Eguchi Keisuke, Kikuchi Kohji, Nakayama Mitsuo
Department of General Thoracic Surgery, Saitama Medical Center, 1981 Kamoda, Kawagoe-shi, Saitama 350-8550, Japan.
Kekkaku. 2010 May;85(5):439-42.
We reviewed our institutional experience of surgical cases of tuberculosis in the last decade. There were 42 surgical cases, including 26 cases of tuberculoma, 5 cases of tuberculous lymphadenitis, 4 cases of tracheobronchial tuberculosis, and 7 cases of tuberculous empyema. The most aim of the surgery for tuberculoma and lymphadenitis were to make differential diagnosis from malignant neoplasm. Sleeve resection was done in 3 cases of tracheobronchial tuberculosis and Montgomery T-tube placement was underwent for a case of tracheal stenosis. Radical surgery was indicated for 4 cases of empyema and open window thoracostomy for 3 cases. There was no major complication and operation-related death. The surgical indication for tuberculosis is very limited nowadays because of effective chemotherapy, however, surgery is still relevant in selected small groups of tuberculosis patients. Exchanging more information and alliance among physicians and thoracic surgeons will become more important for better tuberculosis treatment.

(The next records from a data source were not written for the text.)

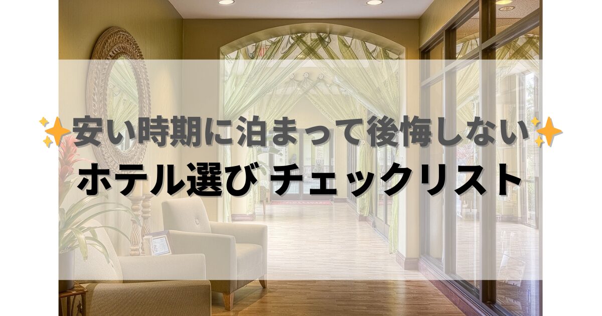 安い時期に泊まって後悔しない!ホテル選びのチェックリスト3つ
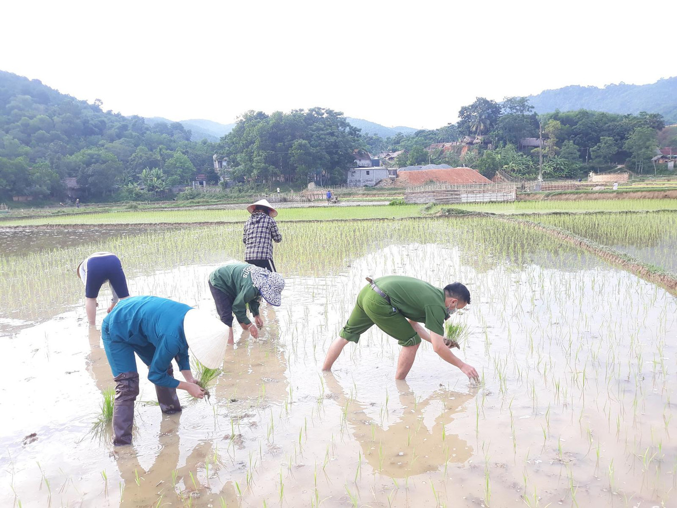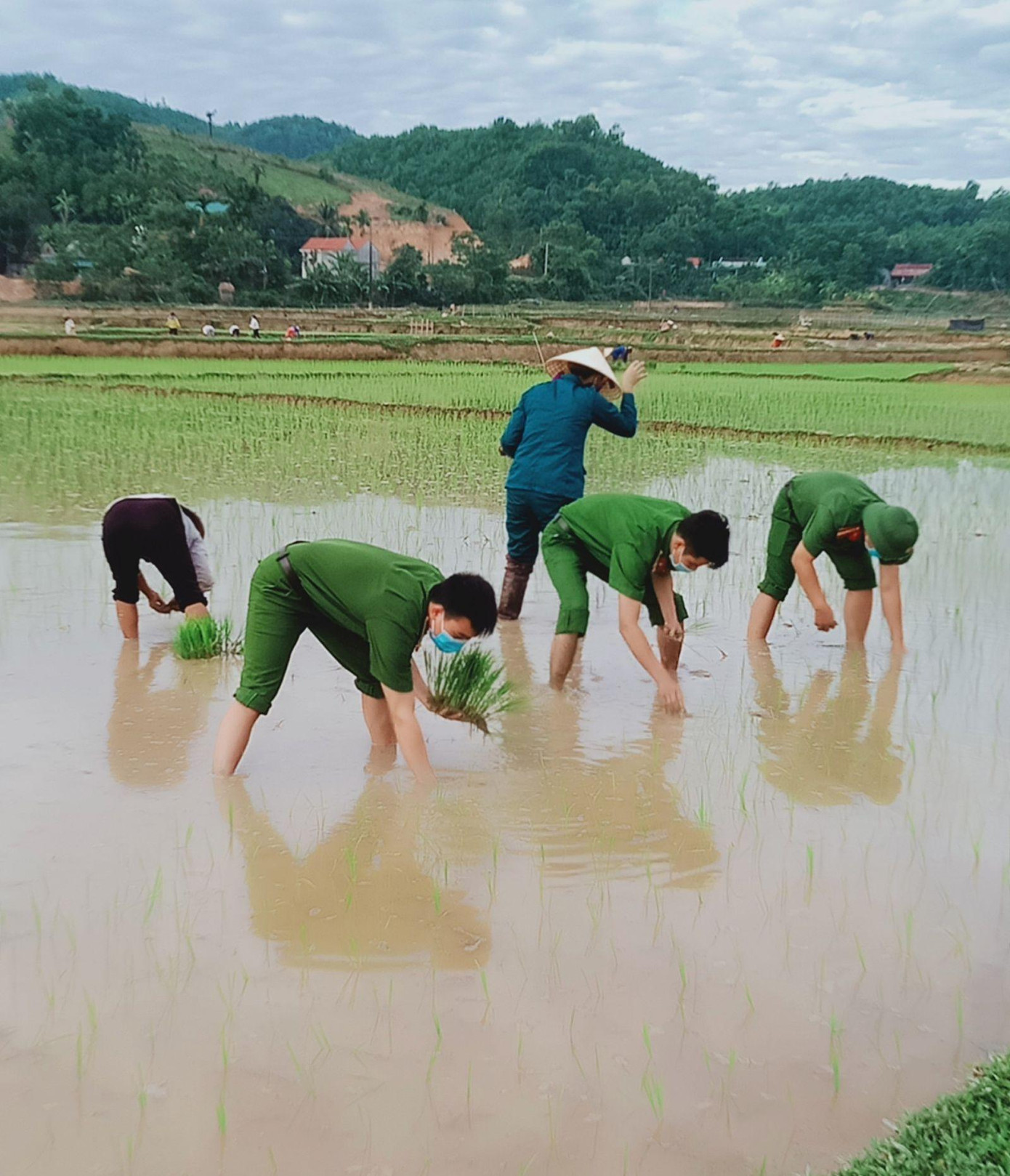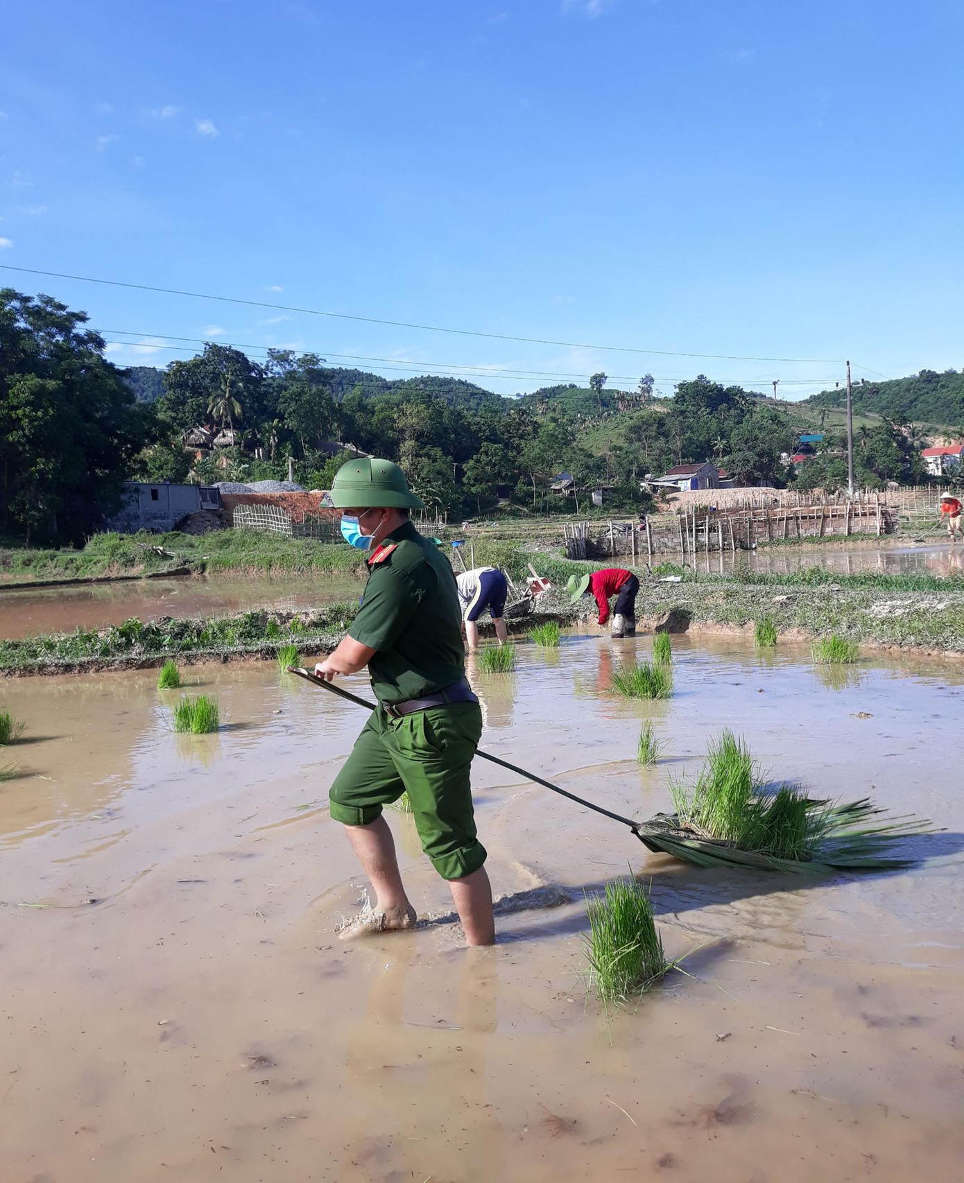 Hiểu được nỗi lo lắng đó, cán bộ chiến sỹ công an được tăng cường phòng, chống dịch COVID-19 đã phối hợp với công an xã Vạn Xuân, Hội Liên hiệp phụ nữ xã và Xã đội không quản ngại khó khăn, vất vả dưới thời tiết nắng nóng như đổ lửa, tổ chức xuống đồng cấy lúa giúp dân.
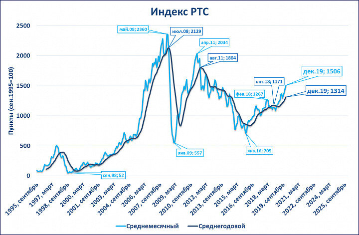 Индекс РТС лучший за семь лет. Означает ли это, что кризис закончился, толком не начавшись? В декабре среднее значение индекса РТС составило 1506 пунктов. В последний раз такое наблюдалось в марте 2013 года, почти семь лет назад. На логарифмической шкале результаты пока по-прежнему выглядят скромно. Во-первых, индексу далеко не только до исторического рекорда мая 2008 года, но и до рекорда девятилетней давности 2011 года (см. жёлтые выноски на графике). Во-вторых, легко просматриваются два периода: бурного роста до 2008 года (зелёные пунктирные линии) и колебания в горизонтальном (пусть и широком) коридоре (красные пунктирные линии). Тем не менее, повод для оптимизма есть. Темпы роста индекса с каждым месяцем всё выше. В декабре индекс был на 38% выше, чем год назад. Почему важны темпы? Они являются хорошим опережающим сигналом. Так, замедления индекса РТС (обозначенные выносками развороты синей линии в 2006, 2010 и 2017 годах) предшествовали таким кризисным явлениям, как снижение об
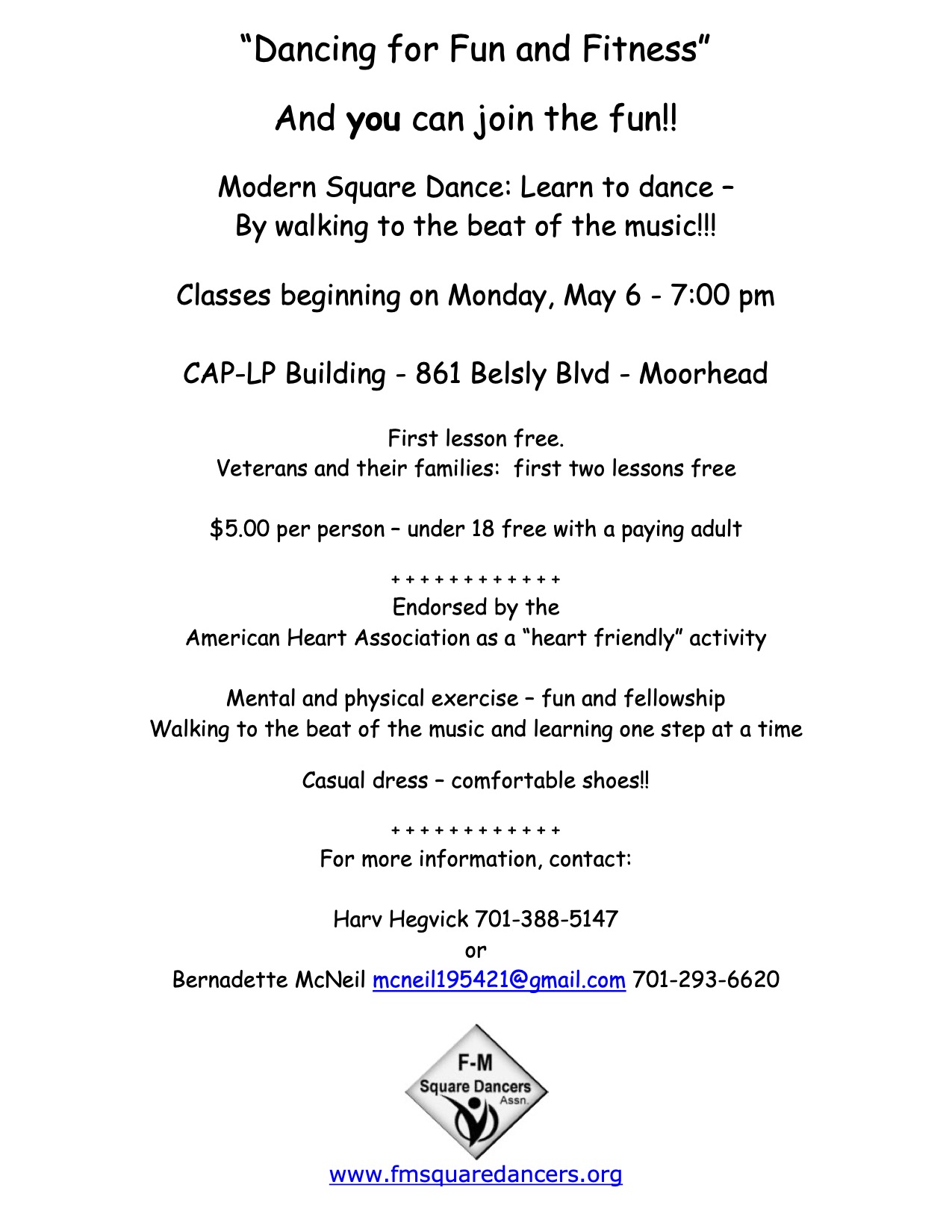 Square Dance Class (Instructor Bernadette McNeil – “Learn to Square Dance” 7:00 pm), Mainstream classes begin. FMSDA Flyer
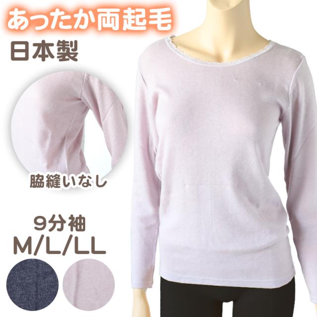 レディース 肌着 インナー 9分袖 丸首 婦人 無地 両起毛 日本製 M L LL 裏起毛 あったかインナー 起毛 暖かい やわらか 防寒 冷えとり 冬 アンダーウェア

我们回顾了过去十年间我院外科治疗结核病病例的经验。共有42例外科病例,包括26例结核瘤、5例结核性淋巴结炎、4例气管支气管结核和7例结核性脓胸。对结核瘤和淋巴结炎进行手术的最主要目的是与恶性肿瘤进行鉴别诊断。3例气管支气管结核患者接受了袖状切除术,1例气管狭窄患者置入了蒙哥马利T形管。4例脓胸患者接受了根治性手术,3例接受了开胸开窗术。无重大并发症及手术相关死亡病例。由于有效的化疗,目前结核病的手术指征非常有限,然而,手术在部分特定的结核病患者群体中仍具有重要意义。医生与胸外科医生之间更多地交流信息与合作,对于更好地治疗结核病将变得更加重要。